Divided We Fall did not happen this way. At all. Whereas I grew up in Iowa, for the last several years, I’ve lived in Spokane, Washington, very close to the border with northern Idaho. I was driving to church on Easter morning, when an idea came to my head that I could not let go. What if a kid was in the National Guard assigned to pull guard duty on the state line? I imagined tanks and armored personnel carriers lined up on both sides of the Idaho/Washington line, closing off I-90. But that’s not a novel. I began to wonder, why is the standoff happening? How did the teenage guy get involved in it all? These questions and others continued to fly through my head through the church service, despite my strongest efforts to ignore them and to pay attention.
When I returned home that day, even though there was a brand new episode of Doctor Who waiting for me on the computer, I did something I never do on the first day of thinking up a new story idea. I started to write. On that day, I came up with Divided We Fall’s prologue, the bit at the start of the book that begins: “I am Private First Class Daniel Christopher Wright. I am seventeen years old, and I fired the shot that ended the United States of America.” I have so rarely been so excited about writing! That day, I wrote the rest of the prologue and the first couple of paragraphs of the first chapter. Normally I change the beginnings of my books many times through the revision process, but the beginning of the published Divided We Fall is nearly exactly what I wrote that first day.
Since high school, I have been horrified and fascinated by the Kent State University massacre of May 4, 1970, where Ohio National Guardsman shot and killed four unarmed young people and wounded nine others on the Kent State campus. That incident has remained with me for years, and it is the inspiration for the Battle of Boise National Guard shootings that spark the standoff in Divided We Fall.
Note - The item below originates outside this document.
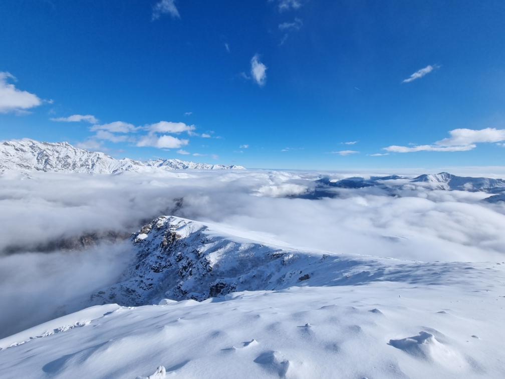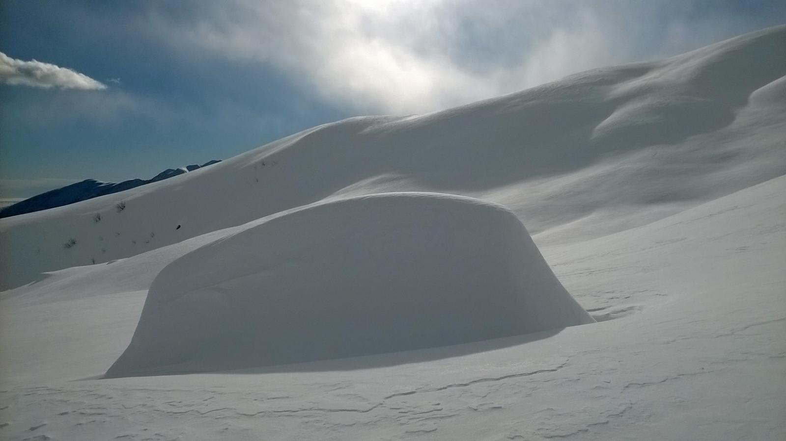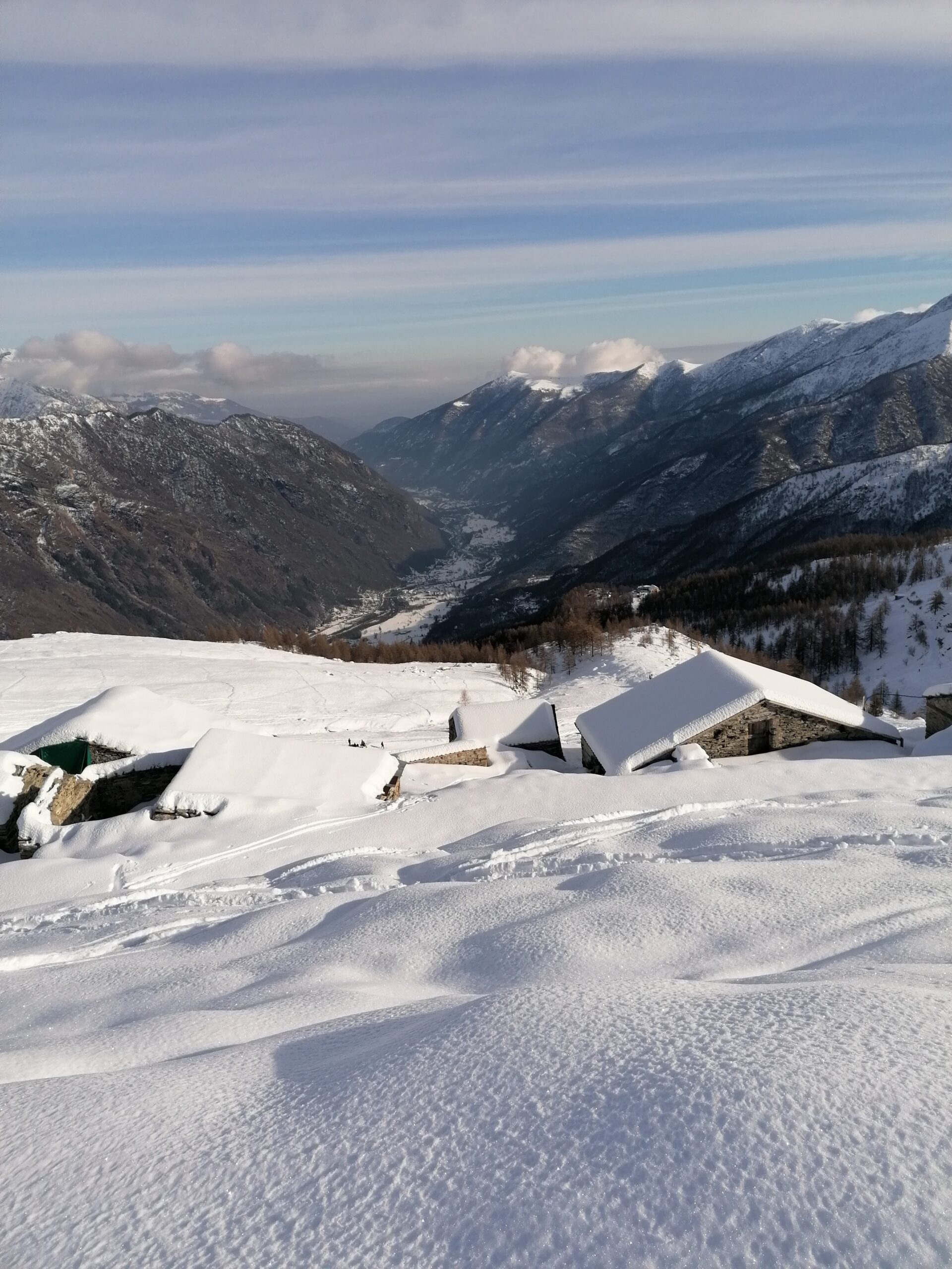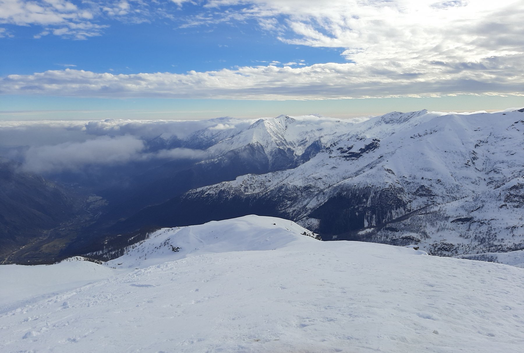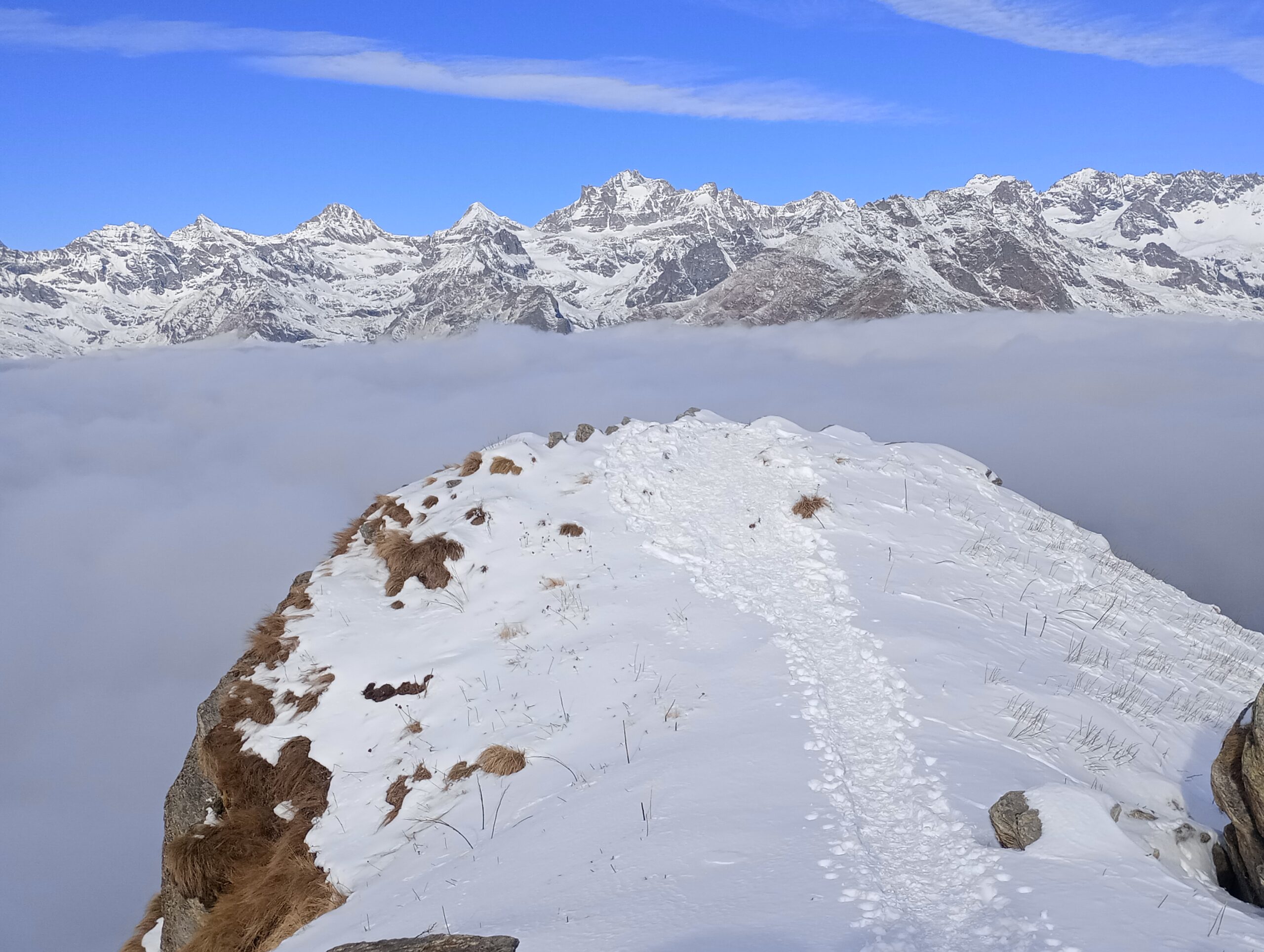 Si prosegue poi nel rado bosco e con diagonale verso destra si guadagna l’ampia dorsale che si segue costeggiando prima i vecchio skilift.

After I decided that the standoff on the state line would be caused when Idaho Governor Montaine orders the National Guard and state police to prevent United States federal law enforcement from entering Idaho, I discovered Article 14, Section 6 of the Idaho State Constitution which reads: “No armed police force, or detective agency, or armed body of men, shall ever be brought into this state for the suppression of domestic violence, except upon the application of the legislature, or the executive, when the legislature can not be convened.” I couldn’t believe the perfect law I needed was right there in Idaho’s constitution. I would build the book around what would happen if the Idaho governor used that section as justification for keeping federal law enforcement and troops out by force.
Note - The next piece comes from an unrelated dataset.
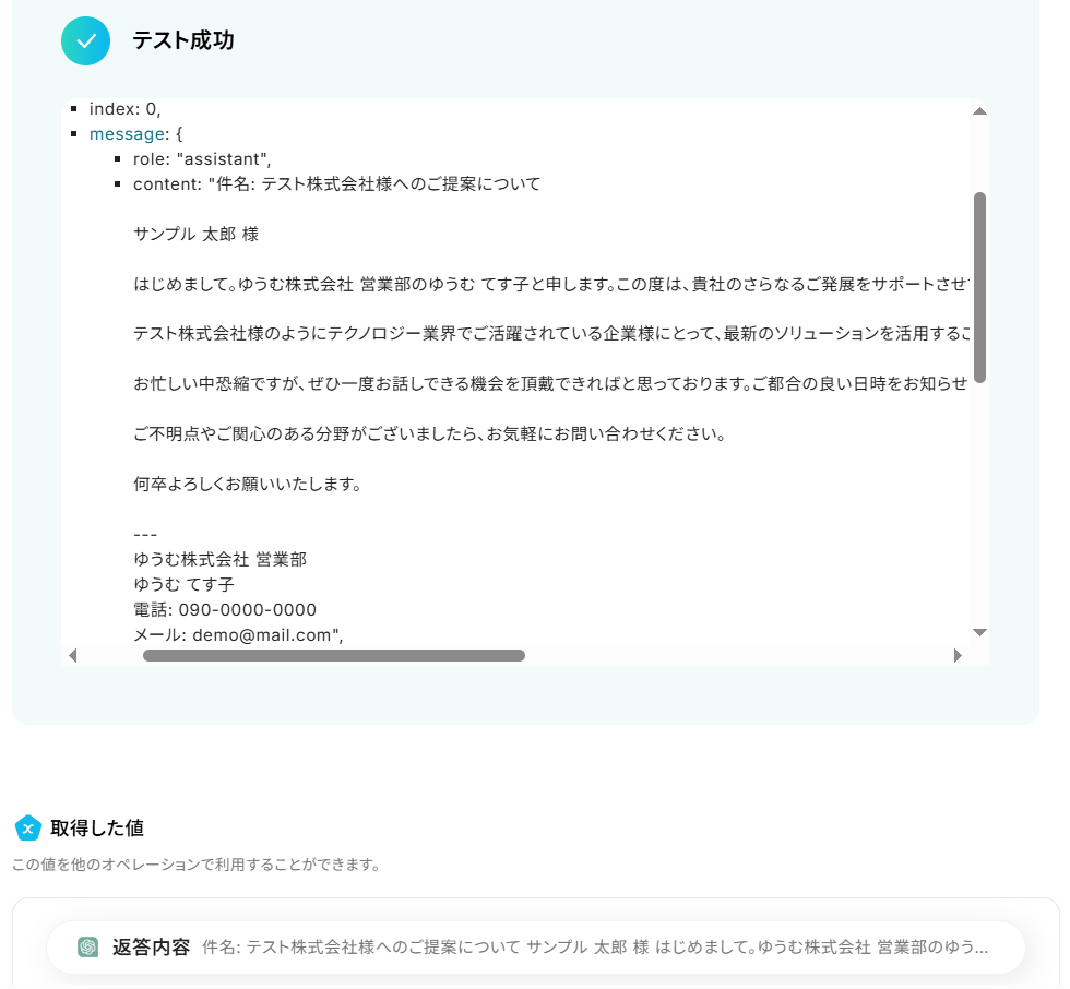先ほど取得したリード情報をもとに、ChatGPTで紹介メッセージを生成します。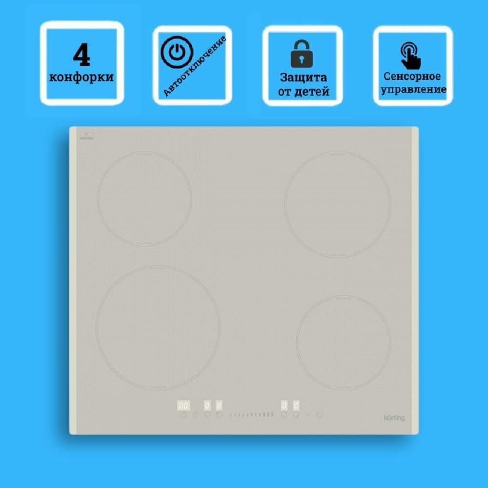 Индукционная варочная панель Korting HI 64560 BB, 60 см, бежевая стеклокерамика, сенсорное управление, функция Twin Booster, таймер, индикация остаточного тепла, блокировка панели, автоматическое отключение

This conflict between the Idaho National Guard and the United States military echoes at least one real historical event. In 1957, nine African American students were enrolled to begin the desegregation of Little Rock Central High School. Orval Faubus, the governor of Arkansas, ordered the Arkansas National Guard to physically prevent the racial integration of the school. In response, President Eisenhower sent federal soldiers to Little Rock. He also federalized the entire Arkansas National Guard, placing them under his own command and ordering them to stand down. In Little Rock, Arkansas in 1957, the soldiers of the National Guard obeyed the president’s orders. But what if they hadn’t? What if they had continued to obey their governor and refused to allow the school to be integrated? Would President Eisenhower have given the order for federal soldiers to fire on the National Guardsmen? Would he have ordered people to be wounded or killed in order to enforce the order for racial desegregation? In Divided We Fall President Rodriguez orders the entire Idaho National Guard to report for federal duty. Governor Montaine asks the Idaho Guard to remain under his command, placing Daniel Wright and other Idaho Guard soldiers in a complicated situation, but it’s a situation that has happened before and might happen again.
Idaho’s nullification of the Federal Identification Card Act mirrors an attempt by the Idaho House of Representatives to nullify the Real ID Act during the George W. Bush administration.
I’ve watched and listened carefully to the news and to commentary media to imitate the way it reacts to major national and world events.
There are many other elements of Divided We Fall that are inspired by real life events, but I don’t want to spoil the story too much. I leave it to readers to find such things.
Writing Divided We Fall was a lot of fun, and I hope readers enjoy it.